Меня восхищают заскочивший в придорожный ресторан шоферюга, сельский механизатор, рабочий-строитель. Там, где мы ждем то ли американского, то ли какого-то усредненно-европейского сервиса и злимся, не обнаружив и тени его, они обращаются к неумирающей национальной традиции. Все начинает до смешного напоминать сцену в корчме на литовской границе в драме Пушкина «Борис Годунов»: в ход пускается некая почти родственная фамильярность, и официантка — у Пушкина это хозяйка корчмы — оказывается «мамашей», причем на «мамашу» не обижаются даже относительно юные: мамаша, мать — та, которая вскормила и продолжает кормить.

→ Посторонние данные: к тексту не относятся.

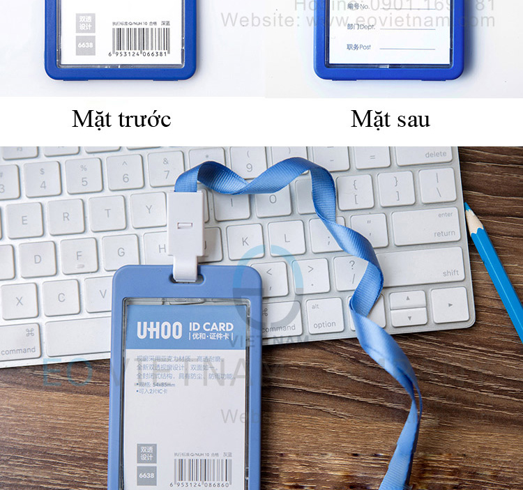 Bao thẻ nhân viên UHOO 6638 là dòng bao thẻ nhựa phổ biến với thiết kế 2 mặt trong suốt dạng đứng, giúp hiển thị rõ thông tin và bảo vệ thẻ hiệu quả trong quá trình sử dụng.

В данном случае кормит официантка, стало быть, она и «мамаша».. Сыплются уменьшительные суффиксы: «помидорчики… огурчики… лучок…», степень голода, терзающего гостя, нещадно гиперболизируется: если мамаша тотчас же не принесет ему хотя бы огурчиков, он «ноги протянет», «концы отдаст», «загнется». И «мамаша» добродушно ворчит: «Да уж ты-то загнешься… Как же, так я тебе и побежала…» Но, словно пробудившись от настороженной спячки, «мамаша» тяжеловатой рысцой трусит на кухню, через минуту появляясь с подносом, уставленным «закусоном». А случись с разудалыми гостями беда, перепьются, скажем, они, и не кто иной, как «мамаша» уведет их за кулисы той сценической площадки, на которой все они подвизались, глядишь, и отоспаться куда-то препроводит: воистину все по-родственному и с уже недоступным для нашего брата интеллигента артистизмом, с умением подчинить себе ситуацию.
За подобными сценками — до неузнаваемости деформированные, но подспудно живущие традиции русских трактиров, обжорок да ставшей известной благодаря удвоенному гению Пушкина и Модеста Мусоргского корчмы. Была там и увековеченная ими Хозяйка; но были там и парни в длиннополых рубахах, которые странно звались «половыми». Выбор блюд был побольше, благо же ни царь-батюшка, ни министры его до Продовольственной программы додуматься не смогли. Но ощущение пребывания на лоне семьи единой оставалось у обеих сторон, вкушающей и кормящей, потчующей. На таком ощущении и держался наш, специфически русский сервис, который вдруг почему-то стал вытесняться попытками учреждения в нашем быту стиля заморского.